Zeke Wissinger

No. 12
- Position: Tackle

Personal information
- Born: October 30, 1902 Johnstown, Pennsylvania, U.S.
- Died: November 28, 1963 (aged 61) Pittsburgh, Pennsylvania, U.S.
- Listed height: 6 ft 0 in (1.83 m)
- Listed weight: 195 lb (88 kg)

Career information
- College: Pittsburgh

Career history
- Pottsville Maroons (1926);

Awards and highlights
- 2× Third-team All-American (1924, 1925);
- Stats at Pro Football Reference

= Zeke Wissinger =

American football player (1902–1963)

Zoner Albert "Zeke" Wissinger (October 30, 1902 – November 28, 1963) was an American professional football player who was a tackle in the National Football League (NFL) for the Pottsville Maroons. He played college football for Pittsburgh.

==Biography==
Wissinger was born in Johnstown, Pennsylvania. He attended and played football for the University of Pittsburgh. In 1925, he was elected to the College Football All-America Team.

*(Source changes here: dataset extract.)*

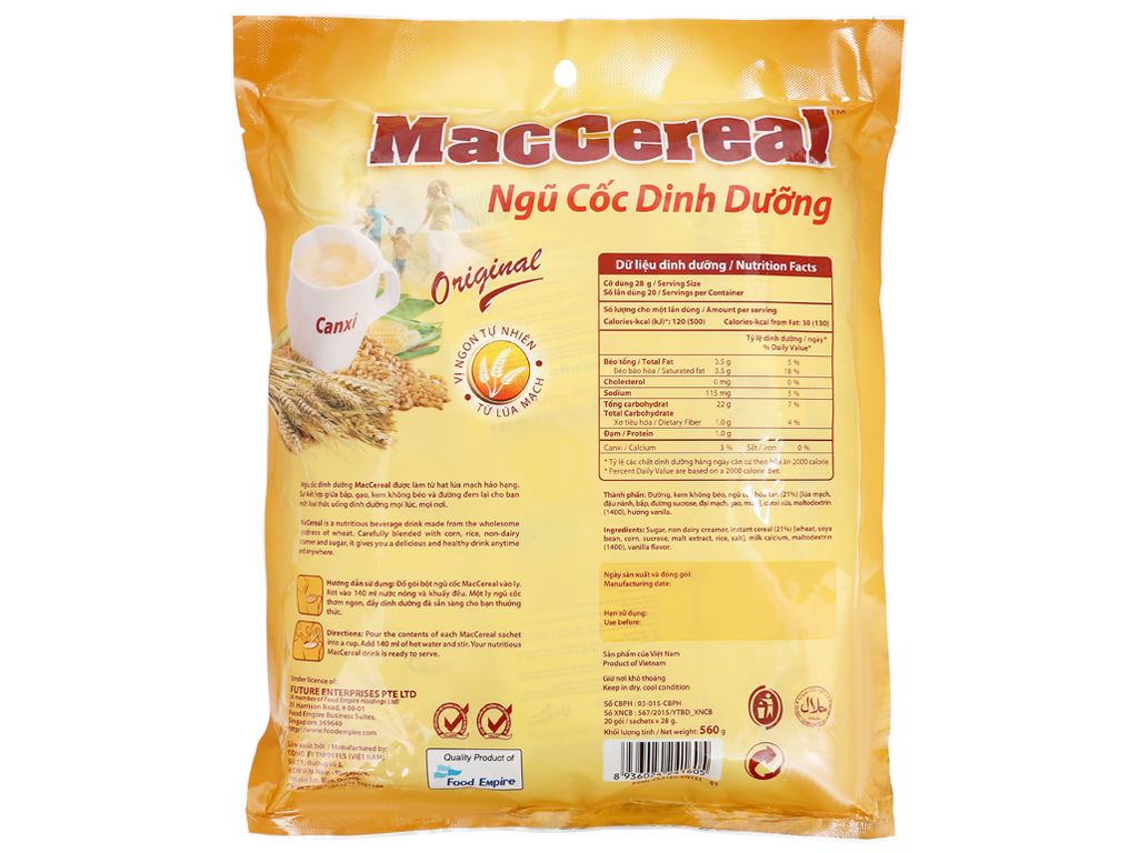 Combo 3 Túi Ngũ cốc dinh dưỡng MacCereal bịch 560g (20 gói x 28g) thơm ngon dễ uống tiện lợiCombo 3 Túi Ngũ cốc dinh dưỡng MacCereal bịch 560g (20 gói x 28g) thơm ngon dễ uống tiện lợiCombo 3 Túi Ngũ cốc dinh dưỡng MacCereal bịch 560g (20 gói x 28g) thơm ngon dễ uống tiện lợiCombo 3 Túi Ngũ cốc dinh dưỡng MacCereal bịch 560g (20 gói x 28g) thơm ngon dễ uống tiện lợi

After college, Wissinger made his professional debut with the Pottsville Maroons. He played in only five NFL games, all with Pottsville. During the last game of the 1926 season, Wissinger and Mule Wilson, of the Buffalo Rangers, were both ejected from the game for fighting.

Wissinger later practice dentistry at the Highland Building in the East Liberty neighborhood of Pittsburgh.

==Death==
Wissinger died on November 28, 1963, at Shadyside Hospital in Pittsburgh, and was buried at Allegheny Cemetery.